Jay County Clerk’s Office will be utilizing its new website for election results Tuesday.
The site at uselectionslive.com/jayin will provide a place for voters and candidates to check for results as they come into the clerk’s office after the polls close at 6 p.m. Tuesday.
Jay County clerk Jon Eads said that after information from precincts arrives at Jay County Courthouse and results are compiled, the data will be downloaded to a flash drive. From there, it will be uploaded via a laptop computer to the new website. (He pointed out that representatives of the radio and newspaper at the courthouse during election night will be handed copies of results at the same time the results are downloaded to the flash drive.)
The website allows users to sign up for text message notifications to be alerted as results are filed.
“We haven’t done this yet, so it’ll be interesting to see — I think it’ll go pretty smooth,” said Eads.
In March, Jay County Commissioners OK’d a $20,000 grant application and approved a contract with website developer An Island to create the site. The funding came from Indiana’s portion of the Federal Help America Vote Act (HAVA) Election Security Grants program, which had been shared with Eads via the Indiana Secretary of State’s office.
The website is expected to cost about $7,000 annually to maintain.
Jay County’s election supplies have changed significantly in the last few years.

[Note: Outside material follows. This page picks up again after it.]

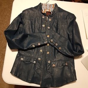 Inside Lining mix of solid Navy & Contemporary Design to match buttons

The county purchased 30 voter verifiable paper audit trail machines and 50 voting machines from Microvote Corporation for about $140,000 in 2023. (Its previous machines dated back to 2004.) The state — it required all polls to have the voter verifiable paper audit trail machines by 2024 — had already purchased 20 of those devices for Jay County and contributed an additional $76,750 toward the 2023 purchase.
Created in 2018, the Federal Help America Vote Act (HAVA) Election Security Grants aim to provide “states with additional resources to improve the administration of elections for federal office, including to enhance technology and make certain election security improvements,” according to its website.
Eads expressed excitement for folks to check out results online quickly.
“I know there’s a lot of out-of-towners, for example, like, my son, who lives in Illinois. I’ve given him the site so that he can get the information from it,” he said. “My wife is going to do the same thing …”
As of about 10:30 a.m. Monday, about 1,167 registered voters had participated in early voting. (Early voting at the courthouse closed at noon Monday.) Another nearly 60 had sent their ballots by mail or travel board. That comes out to about 10% of registered voters.